根据实例学习用关键字标记句子 [英] Learning to tag sentences with keywords based on examples
问题描述
我有一组(约50k个元素)小文本片段(通常是一两个句子),每个片段都标记有一组关键词,这些关键词是从约5000个单词列表中选择的.
I have a set (~50k elements) of small text fragments (usually one or two sentences) each one tagged with a set of keywords chosen from a list of ~5k words.
我将如何实施一个系统,从该示例中学习,然后可以使用相同的关键字集标记新句子?我不需要代码,我只是在寻找一些有关如何实现此目标的指针和方法/论文/可能的想法.
How would I go to implement a system that, learning from this examples can then tag new sentences with the same set of keywords? I don't need code, I'm just looking for some pointers and methods/papers/possible ideas on how to implement this.
推荐答案
如果我对您的理解很好,那么您需要的是衡量一对文档的相似度.我最近一直在使用 TF-IDF 对文档进行聚类,并且它可以正常工作安静好.我认为您可以在这里使用TF-IDF值,并为相应的TF-IDF计算余弦相似度每个文档的值.
If I understood you well, what you need is a measure of similarity for a pair of documents. I have been recently using TF-IDF for clustering of documents and it worked quiet well. I think here you can use TF-IDF values and calculate a cosine similarity for the corresponding TF-IDF values for each of the documents.
- TF-IDF计算
TF-IDF
代表Term Frequency - Inverse Document Frequency
.这是一个如何计算的定义:
TF-IDF
stands for Term Frequency - Inverse Document Frequency
. Here is a definition how it can be calculated:
Compute TF-IDF values for all words in all documents
- TF-IDF score of a word W in document D is
TF-IDF(W, D) = TF(W, D) * IDF(W)
where TF(W, D) is frequency of word W in document D
IDF(W) = log(N/(2 + #W))
N - number of documents
#W - number of documents that contain word W
- words contained in the title will count twice (means more important)
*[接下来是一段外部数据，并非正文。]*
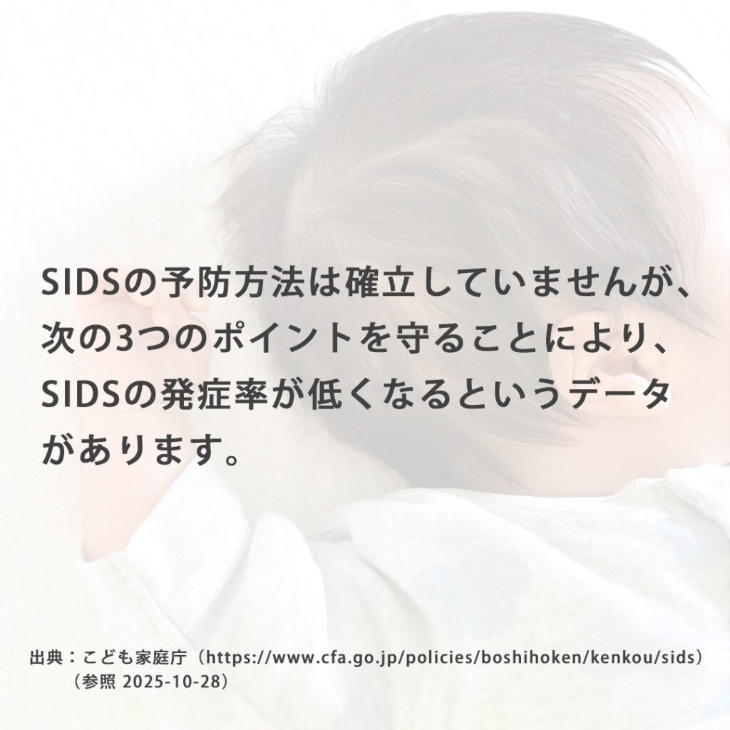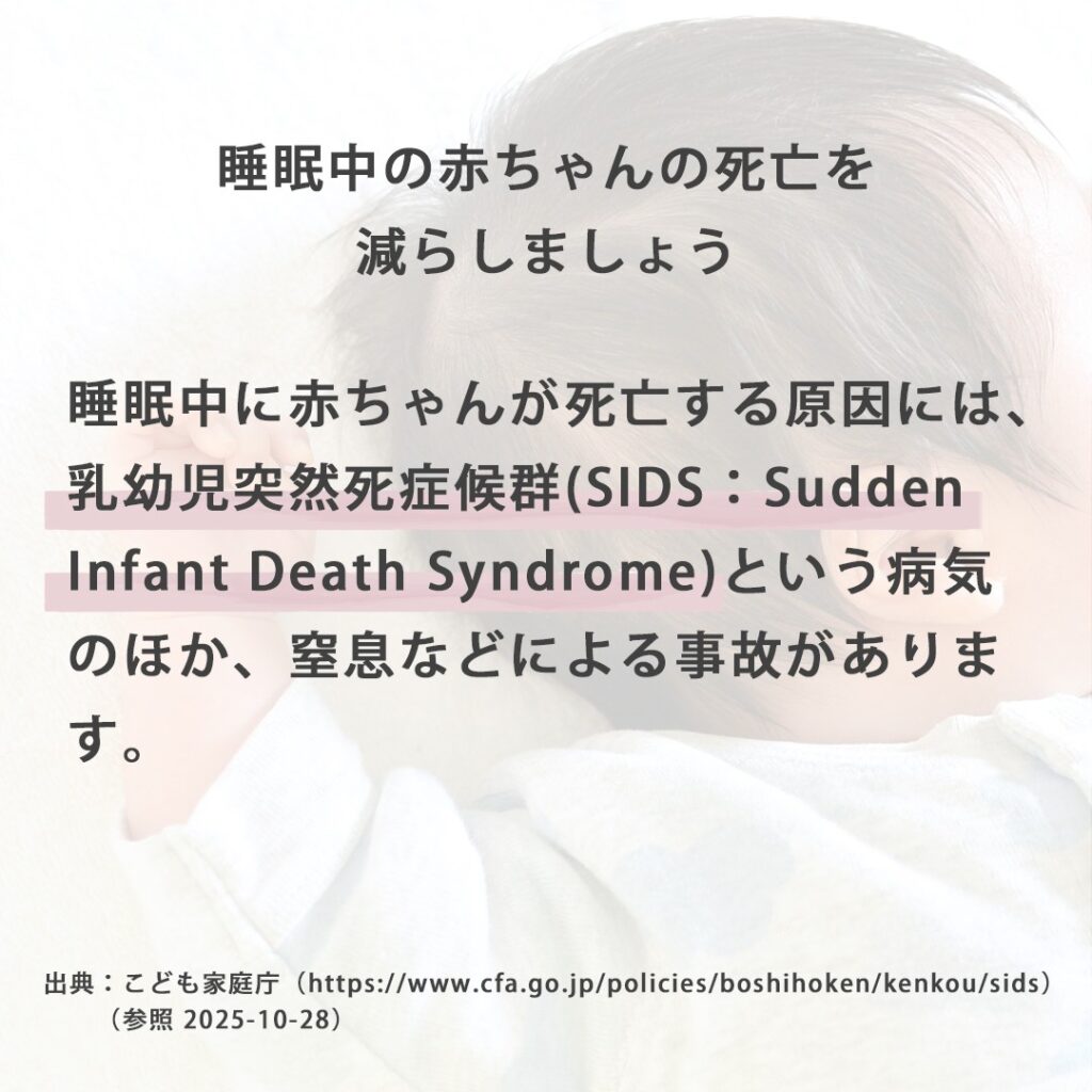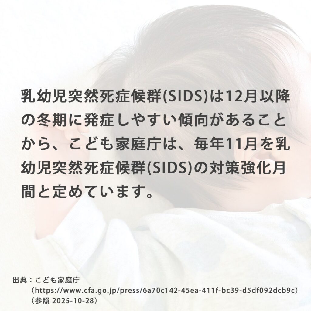 こども家庭庁は、毎年11月を乳幼児突然死症候群(SIDS)の対策強化月間と定めています。
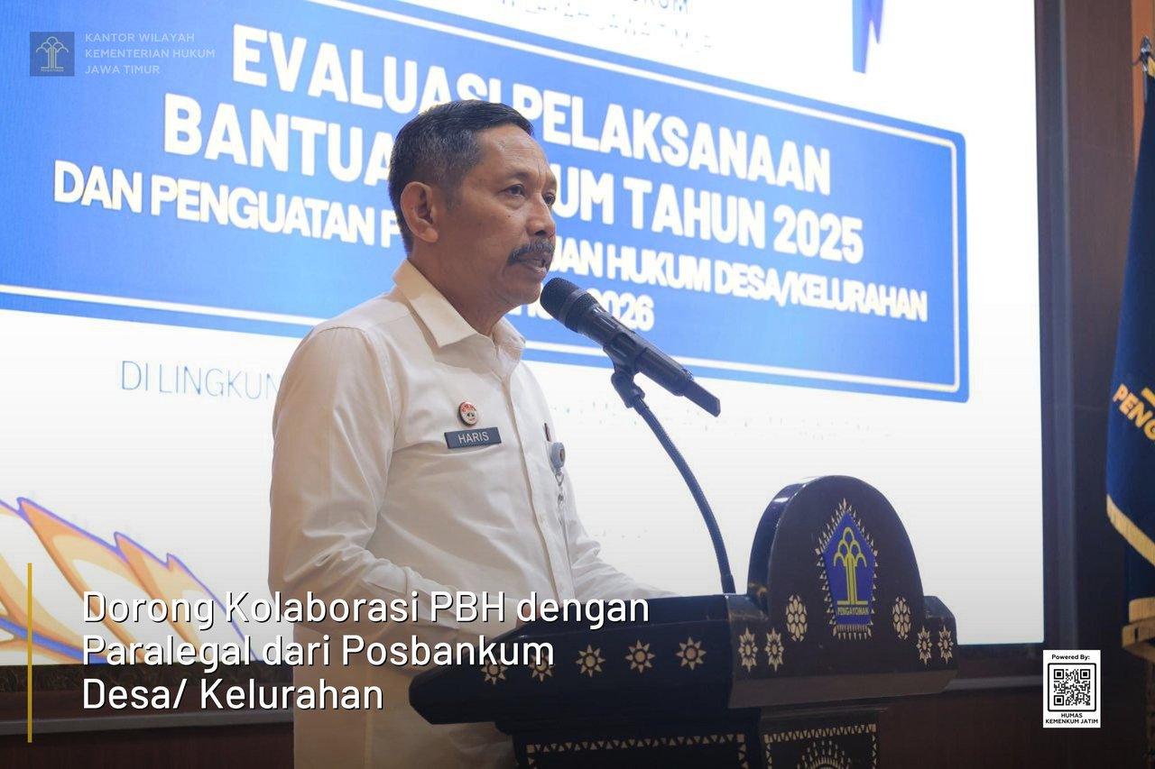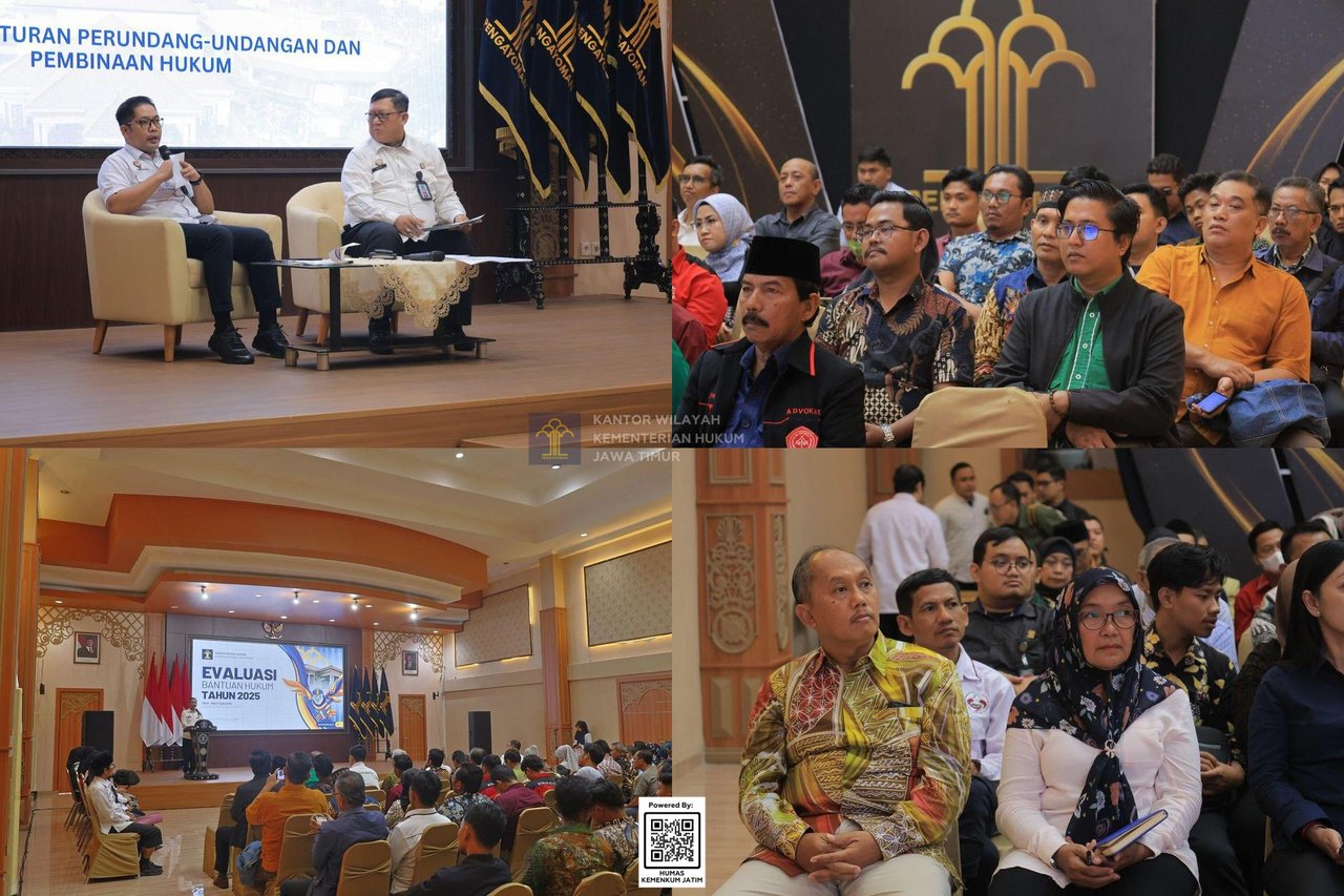 SURABAYA (25/02/2026) – Kantor Wilayah Kementerian Hukum Jawa Timur (Kanwil Kemenkum Jatim) menggelar evaluasi besar-besaran terhadap pelaksanaan bantuan hukum tahun anggaran 2025 di Surabaya, Rabu (25/2). Langkah ini dilakukan untuk memastikan akses keadilan bagi masyarakat miskin di Jawa Timur berjalan optimal dan tepat sasaran.
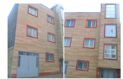 Figure 3 indicates an example of safe building located in Region 3 with a RC-frame. The building does not have any problem such as irregularity in plan or height. In addition, this building is built based on seismic codes and has a soil type C. The seismic vulnerability index for the mentioned building is 3.7 which implies the satisfactory safety of the building. The vulnerable buildings are located in all parts of the city specifically in region 12. The major issues associated with these buildings as indicated in Figures 4 & 5, are utilizing masonry material and problematic distribution of the mass leading to irregularities through the height of the buildings and causing premature fractures. The seismic reliability factor for these buildings located in region 12 of the city is approximately 0.2 which is considered low.
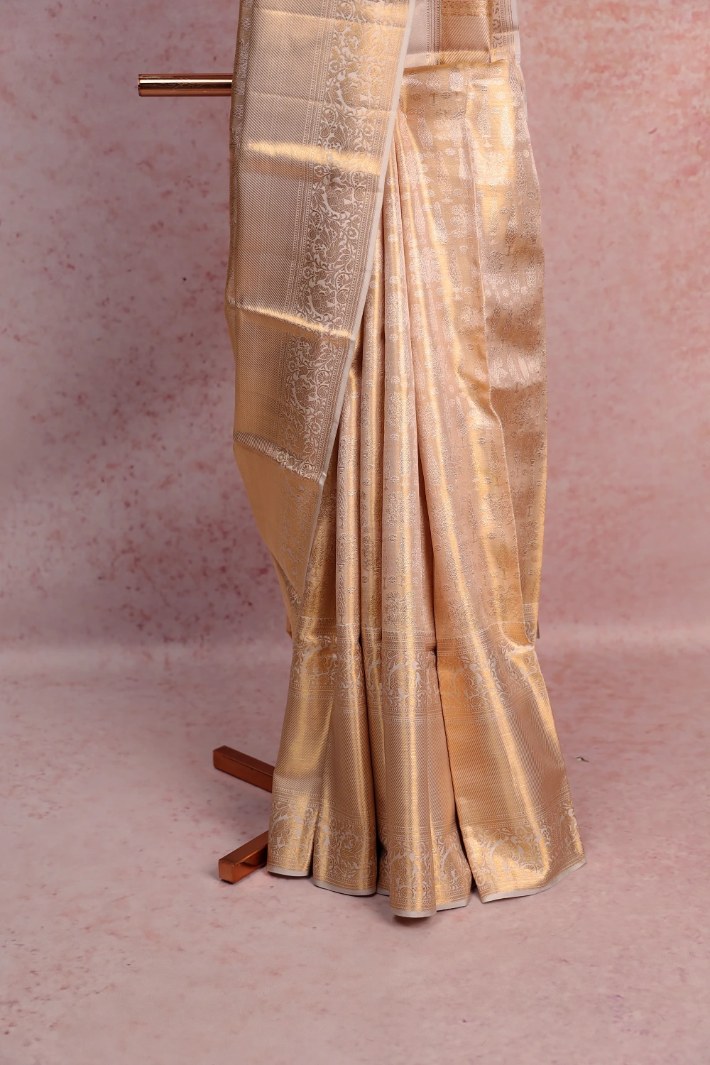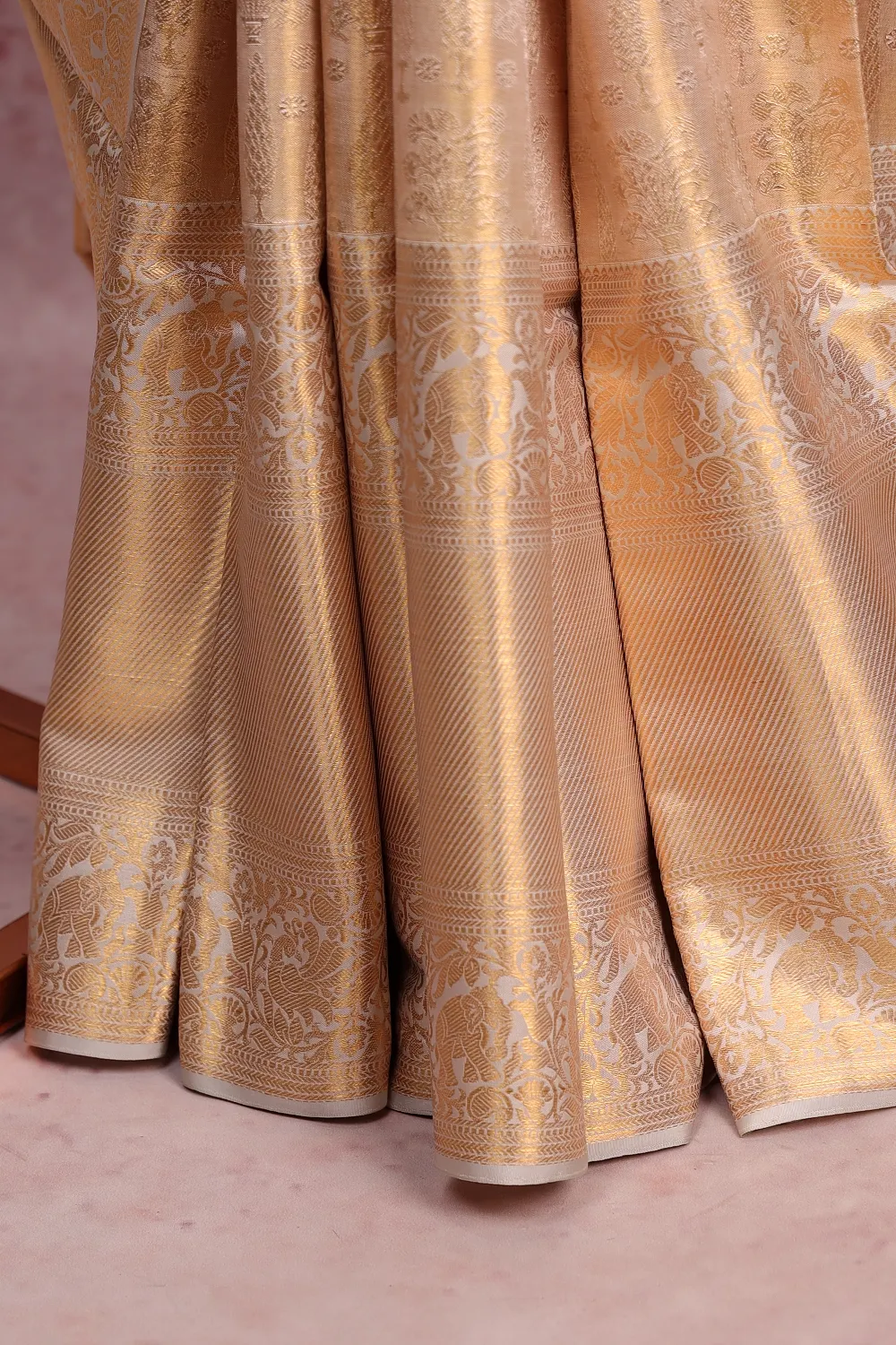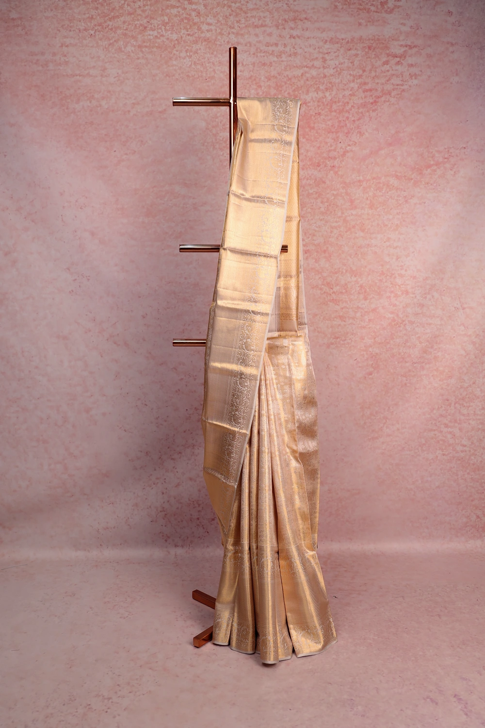 Gold Kancheepuram Silk Brocade Saree with Designer Border. Includes Unstitched Blouse

- normalize TF-IDF values: sum of all TF-IDF(W, D)^2 in a document should be 1.
取决于您使用的技术,这可以通过不同的方式来实现.我已经使用嵌套字典在Python中实现了它.首先,我使用文档名称D
作为键,然后对于每个文档D
,我都有一个嵌套的词典,其中单词W
作为键,每个单词W都有一个对应的数值,该数值是计算出的TF-IDF
.
Depending of the technology You use, this may be achieved in different ways. I have had implemented it in Python using a nested dictionary. Firstly I use document name D
as key and then for each document D
I have a nested dictionary with word W
as key and each word W has a corresponding numeric value which is the calculated TF-IDF
.
- 相似度计算
假设您已经计算了TF-IDF
值,并且想要比较两个文档W1
和W2
的相似程度.为此,我们需要使用一些相似性度量.有很多选择,每个选择都有其优点和缺点.在这种情况下,IMO, Jaccard相似度和
Let say You have calculated the TF-IDF
values already and You want to compare 2 documents W1
and W2
how similar they are. For that we need to use some similarity metric. There are many choices, each one having pros and cons. In this case, IMO, Jaccard similarity and cosine similarity would work good. Both functions would have TF-IDF
and names of the 2 documentsW1
and W2
as its arguments and it would return a numeric value which indicates how similar the 2 documents are.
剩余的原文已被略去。